(WORK TO COMPLETE)
Repeat the data word for word and skip the pictures.

(DATASET SECTION)
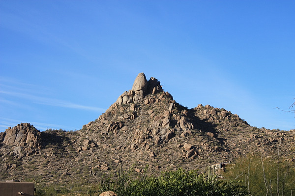 Pinnacle Peak is a granite summit located in Scottsdale, Arizona. The peak rises to an elevation of 3,169 feet (966 m). It is located within the 150-acre (61 ha) Pinnacle Peak Park, operated by the City of Scottsdale Park District. Part of the Sonoran Desert, the park is home to a variety of native desert flora and fauna. Hikers utilize a 1.75 mile trail to explore the area, though rock climbing skills are needed to reach the summit.
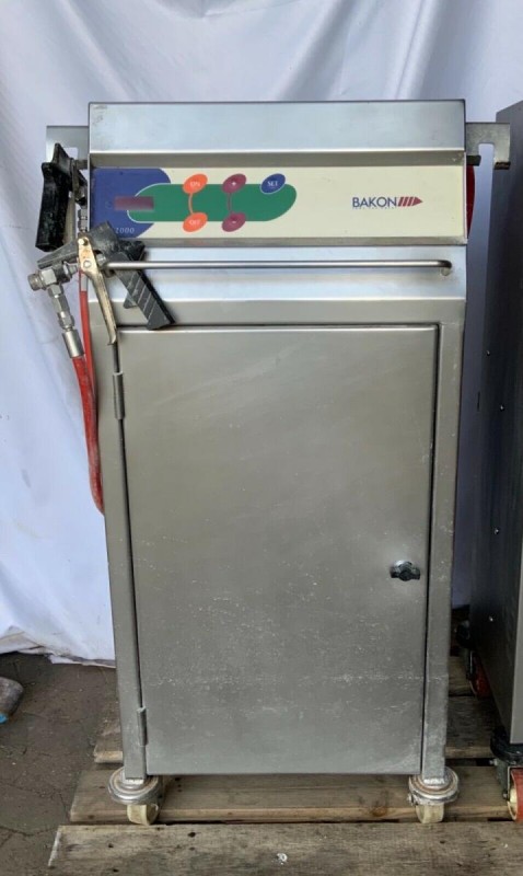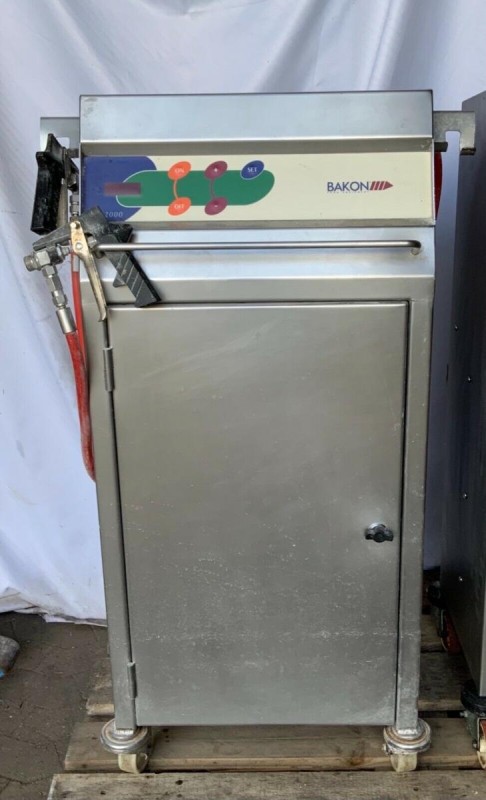 Se utiliza una máquina pulverizadora de gelatina - Fabricante: Bakon - Modelo: Jelly 2000 M (G) - Año de construcción 2004 - Dimensiones exteriores A.: 48 cm, D.: 48 cm, H.: aprox. 110 cm Para más detalles, véanse las fotos.
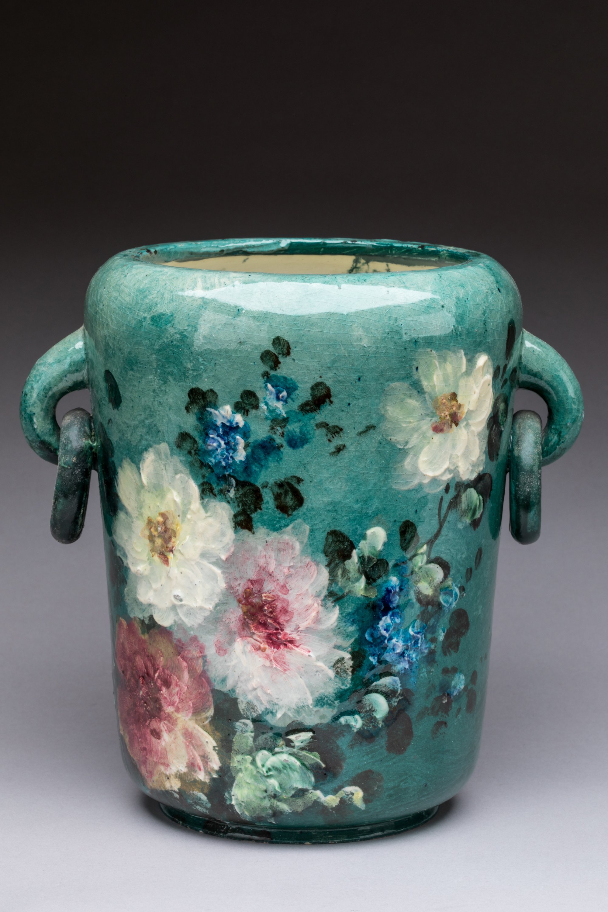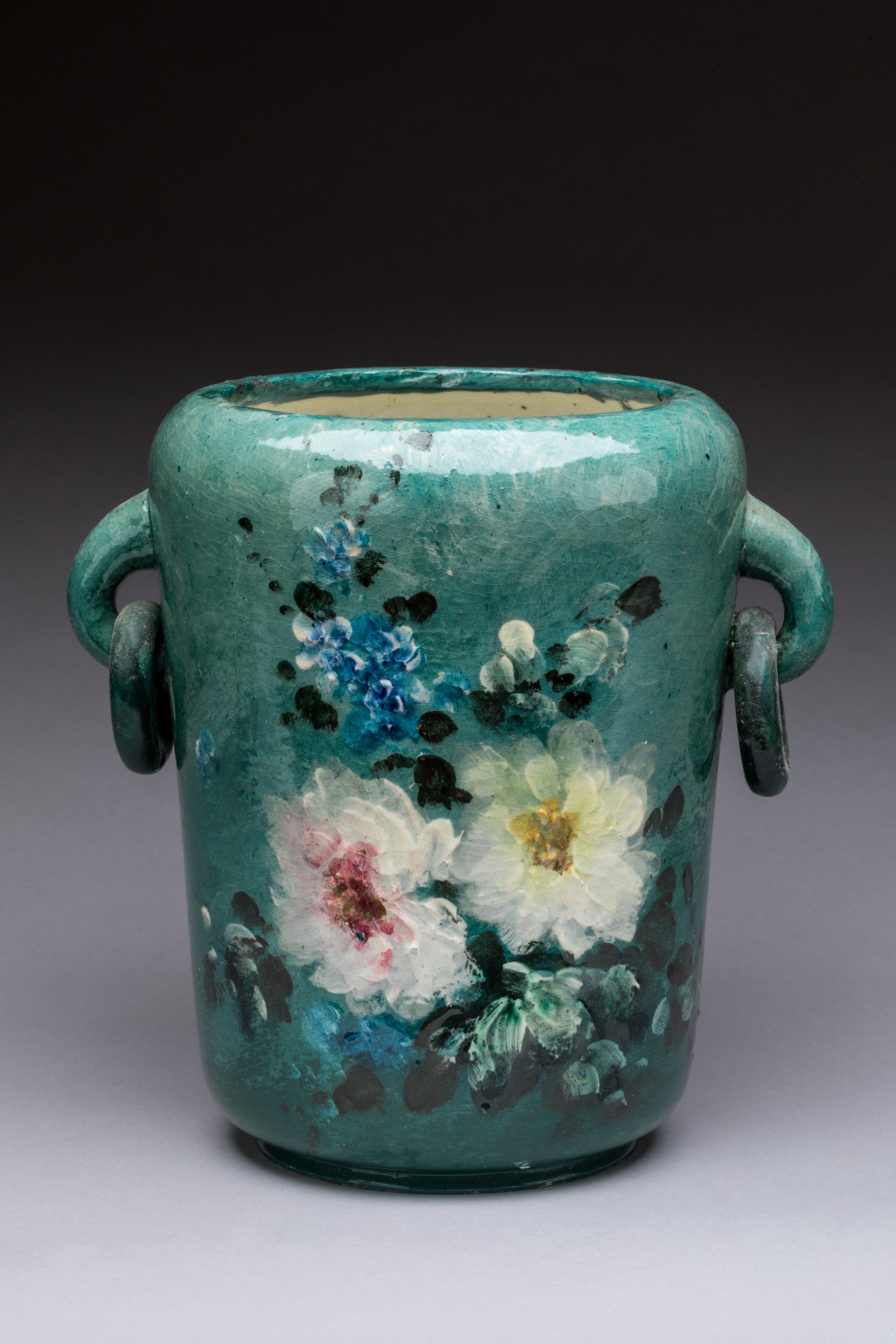 en céramique émaillée à décor de fleurs en barbotine impressionniste.
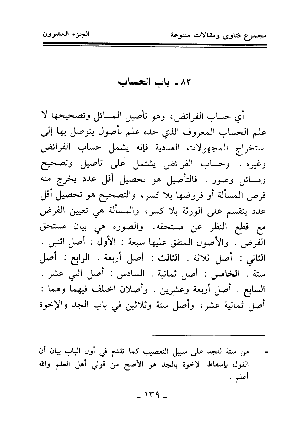 أي حساب الفرائض، وهو تأصيل المسائل وتصحيحها لا علم الحساب المعروف الذي حده علم بأصول يتوصل بها إلى استخراج المجهولات العددية، فإنه يشمل حساب الفرائض وغيره. وحساب الفرائض يشتمل على تأصيل وتصحيح ومسائل وصور. فالتأصيل هو تحصيل أقل عدد يخرج منه فرض المسألة أو فروضها بلا كسر، والتصحيح هو تحصيل أقل عدد ينقسم على الورثة بلا كسر، والمسألة هي تعيين الفرض مع قطع النظر عن مستحقه، والصورة هي بيان مستحق الفرض. والأصول المتفق عليها سبعة: الأول: أصل اثنين. الثاني: أصل ثلاثة. الثالث: أصل أربعة. الرابع: أصل ستة. الخامس: أصل ثمانية. السادس: أصل اثني عشر. السابع: أصل أربعة وعشرين. وأصلان اختلف فيهما وهما: أصل ثمانية عشر، وأصل ستة وثلاثين في باب الجد والإخوة

(RESPONSE)
 Pinnacle Peak is a granite summit located in Scottsdale, Arizona. The peak rises to an elevation of 3,169 feet (966 m). It is located within the 150-acre (61 ha) Pinnacle Peak Park, operated by the City of Scottsdale Park District. Part of the Sonoran Desert, the park is home to a variety of native desert flora and fauna. Hikers utilize a 1.75 mile trail to explore the area, though rock climbing skills are needed to reach the summit.
 Se utiliza una máquina pulverizadora de gelatina - Fabricante: Bakon - Modelo: Jelly 2000 M (G) - Año de construcción 2004 - Dimensiones exteriores A.: 48 cm, D.: 48 cm, H.: aprox. 110 cm Para más detalles, véanse las fotos.
 en céramique émaillée à décor de fleurs en barbotine impressionniste.
 أي حساب الفرائض، وهو تأصيل المسائل وتصحيحها لا علم الحساب المعروف الذي حده علم بأصول يتوصل بها إلى استخراج المجهولات العددية، فإنه يشمل حساب الفرائض وغيره. وحساب الفرائض يشتمل على تأصيل وتصحيح ومسائل وصور. فالتأصيل هو تحصيل أقل عدد يخرج منه فرض المسألة أو فروضها بلا كسر، والتصحيح هو تحصيل أقل عدد ينقسم على الورثة بلا كسر، والمسألة هي تعيين الفرض مع قطع النظر عن مستحقه، والصورة هي بيان مستحق الفرض. والأصول المتفق عليها سبعة: الأول: أصل اثنين. الثاني: أصل ثلاثة. الثالث: أصل أربعة. الرابع: أصل ستة. الخامس: أصل ثمانية. السادس: أصل اثني عشر. السابع: أصل أربعة وعشرين. وأصلان اختلف فيهما وهما: أصل ثمانية عشر، وأصل ستة وثلاثين في باب الجد والإخوة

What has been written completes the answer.